Why Shouldn’t China Be Ready for Climate Leadership?

Jane Nakano, Senior Fellow, Energy Security and Climate Change Program

What a difference a decade has made for China. China, which was skeptical that global climate negotiations were intended to undermine China’s economic rise at the time of the Paris COP in 2015, is now a leading voice on the value of global climate cooperation. Now a behemoth in the global clean tech economy, China offers many solutions to both developed and developing economies that seek to deliver more energy with less emissions to their populations.

Yet, it remains unclear as to whether China sees climate cooperation primarily as an avenue for global emissions reduction or a multiplier for economic opportunity. For example, while its 2035 Nationally Determined Contribution was the first for the nation to pledge to reduce economy-wide net greenhouse gas emissions, the 7–10 percent reduction level is far too unambitious. Also, China commenced constructing 94.5 gigawatts of new coal power capacity last year.

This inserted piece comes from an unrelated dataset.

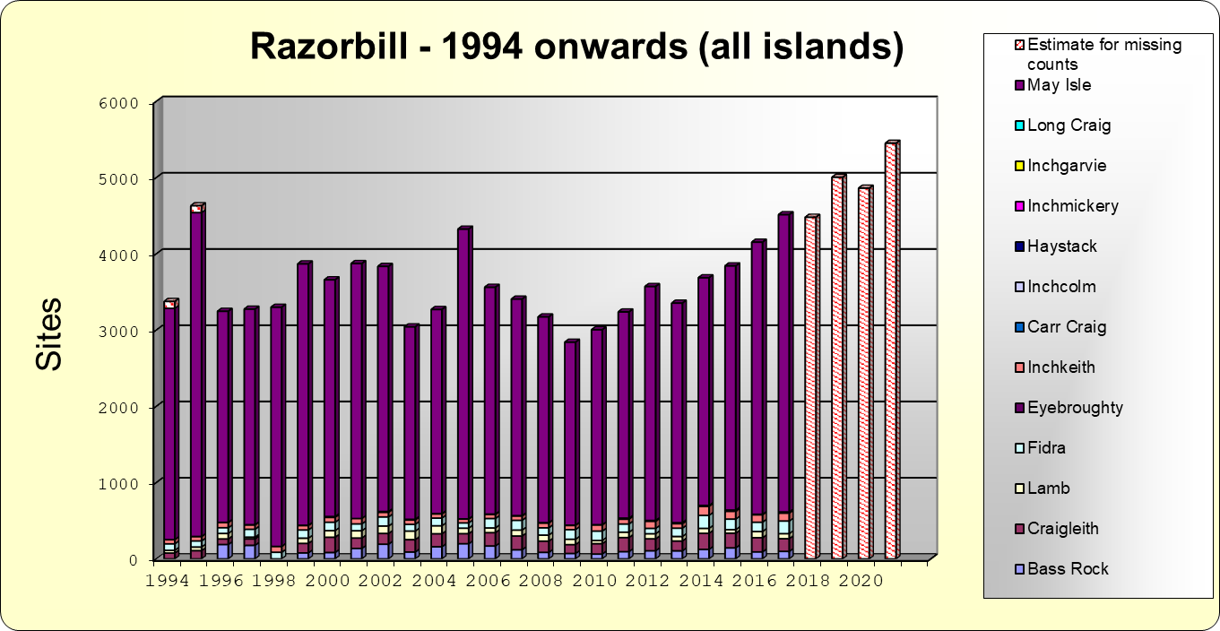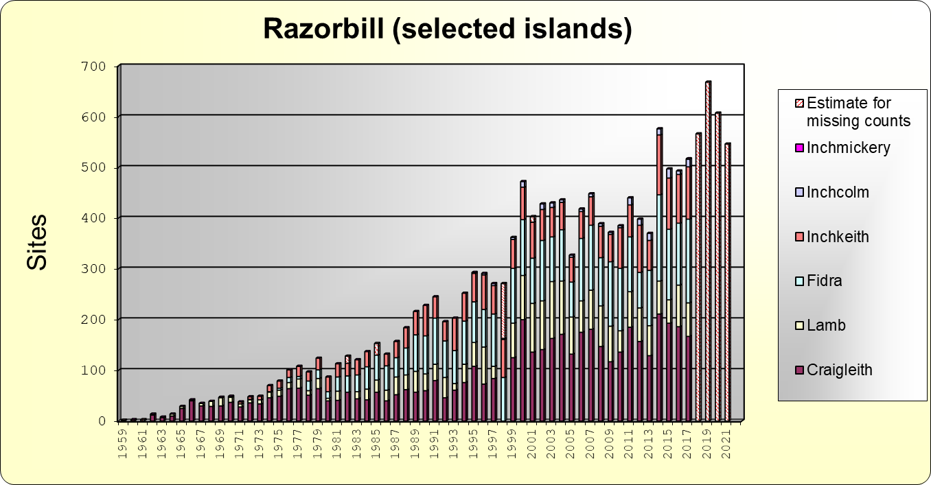 all islands, these charts only show the counts for Craigleith, Fidra, Lamb, Inchcolm, Inchmickery and Inchkeith.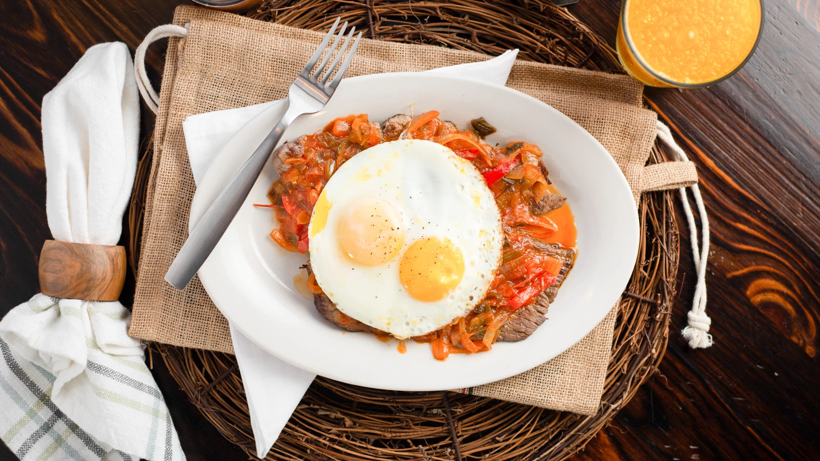 Savory grilled steak topped with Creole sauce and a fried egg, served with two classic sides — bold and satisfying.

Climate change efforts need a strong leader, and with the U.S. departure from the Paris Agreement, China has an opportunity to step up to be one. If China sees climate cooperation as an avenue for emissions reduction, shifting from receiving climate finance to providing it would be an important step in demonstrating this leadership. The United States—alongside Japan, Germany, and France—was among the few nations that have consistently been the top climate finance donors. In contrast, China received over $3 billion of climate finance in 2021–2022 despite being the world’s second-largest economy. By stepping into this role that the United States has ceded (at least for now), China has an opportunity to shape the global climate agenda for decades to come, deepening its influence by better aligning its supply chains and emerging global dependencies with concrete progress in emissions reduction.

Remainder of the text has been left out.